CourtDistrict Court, S.D. Indiana
DecidedMay 29, 2020
Docket1:20-cv-00874
StatusUnknown

This text of WHITE v. TAVEL (WHITE v. TAVEL) is published on Counsel Stack Legal Research, covering District Court, S.D. Indiana primary law. Counsel Stack provides free access to over 12 million legal documents including statutes, case law, regulations, and constitutions.

Bluebook
WHITE v. TAVEL, (S.D. Ind. 2020).

Opinion

UNITED STATES DISTRICT COURT SOUTHERN DISTRICT OF INDIANA INDIANAPOLIS DIVISION

BRENDA L. WHITE, ) ) Plaintiff, ) ) v. ) No. 1:20-cv-00874-JMS-TAB ) TAVEL, ) ) Defendant. )

ORDER

On March 20, 2020, the Court granted pro se Plaintiff Brenda L. White's Motion for Leave to Proceed In Forma Pauperis, screened her Complaint pursuant to 28 U.S.C. § 1915(e)(2), and dismissed the Complaint without prejudice for failure to properly invoke this Court's diversity jurisdiction and failure to allege a federal claim. [Filing No. 3.] The Court gave Ms.
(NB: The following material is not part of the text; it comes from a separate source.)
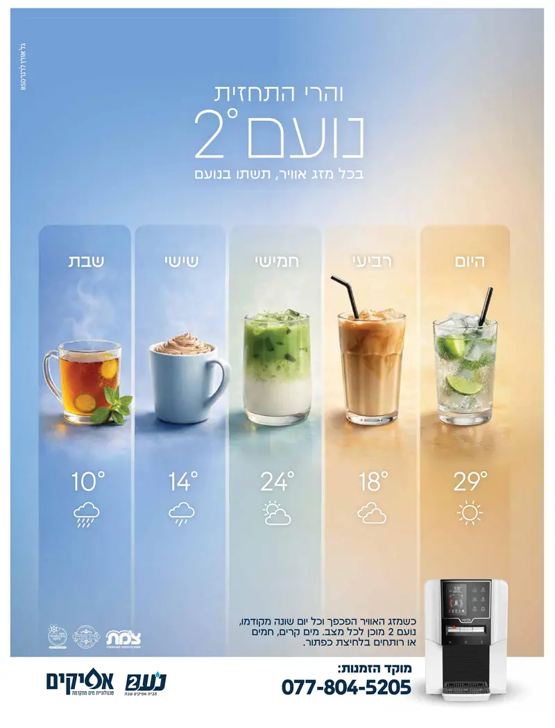 מולם, 'אפיקים' שוברת את הכללים עם מכשיר ה"נועם 2". הם הלכו על אסקפיזם טהור בסגנון תחזית מזג אוויר שמציגה קפה קר, כוסות מאצ'ה ומוחיטו – פנייה לקהל שרוצה קצת לייף-סטייל ופינוק אישי בתוך הלחץ.

White until April 13, 2020 to file an Amended Complaint properly invoking this Court's jurisdiction and complying with federal pleading standards. [Filing No. 3 at 5.] The April 13, 2020 deadline passed without Ms. White filing an Amended Complaint. On May 26, 2020, Ms. White filed a "Motion to Reopen," [Filing No. 4], which the Court construes as a Motion for Extension of Time and a Motion to Amend the Complaint. For the reasons set forth below, the Court GRANTS the Motion for Extension of Time and DENIES the Motion to Amend the Complaint. I. STANDARD OF REVIEW Generally, a motion for leave to amend a complaint is evaluated under Federal Rule of Civil Procedure 15(a)(2), which provides that courts "should freely give leave when justice so requires." Alioto v. Town of Lisbon, 651 F.3d 715, 719 (7th Cir. 2011). When a plaintiff asks for leave to amend a complaint after the deadline has passed, however, courts "apply the heightened good-cause standard of Rule 16(b)(4) before considering whether the requirements of Rule 15(a)(2) were satisfied." Id. "In making a Rule 16(b) good-cause determination, the primary consideration for district courts is the diligence of the party seeking amendment." Id. at 720. If a plaintiff has shown good cause, the Court should allow amendment "unless there is a

good reason—futility, undue delay, undue prejudice, or bad faith—for denying leave to amend." Life Plans, Inc. v. Sec. Life of Denver Ins. Co., 800 F.3d 343, 358 (7th Cir. 2015). A district court has "broad discretion to deny leave to amend" under appropriate circumstances. United States v. Sanford-Brown, Ltd., 788 F.3d 696, 706 (7th Cir. 2015). II. DISCUSSION

In her Motion, Ms. White indicates that she is "late in responding" because her ex-husband and her friend both passed away, her son who currently lives with her was sick "off and on," and she became ill, but has since recovered, although she has some lingering health issues that she must manage until they subside. [Filing No. 4 at 1.] She states that she would like to have this matter heard and, if given the opportunity to proceed, she would "offer the following": I believe this injury is direct result of malpractice and willful negligence because I am an African-American woman. Due diligence was not performed. Defendant intentionally flipped the switch for bright lights for both left eye and right eye without announcing it or apologizing, for several seconds. Causing pain and suffering and damages to my eyes. We both live in Indiana.

[Filing No. 4 at 1.]

The Court finds that Ms. White has arguably shown good cause for filing her construed Motion for Extension of Time and therefore GRANTS that Motion. Accordingly, the Court will consider her request for leave to file an Amended Complaint. Because the deadline to file an Amended Complaint has passed, the Court applies the standard set forth in Rule 16(b)(4). Adams v. City of Indianapolis, 742 F.3d 720, 734 (7th Cir. 2014). The Court finds that Ms. White was diligent in seeking to file an Amended Complaint; however, she has not shown that she could successfully amend her Complaint to cure the defects identified in the Court's March 20, 2020 Order. In support of her request to file an Amended Complaint, Ms. White states the allegations she would include in her new complaint. [Filing No.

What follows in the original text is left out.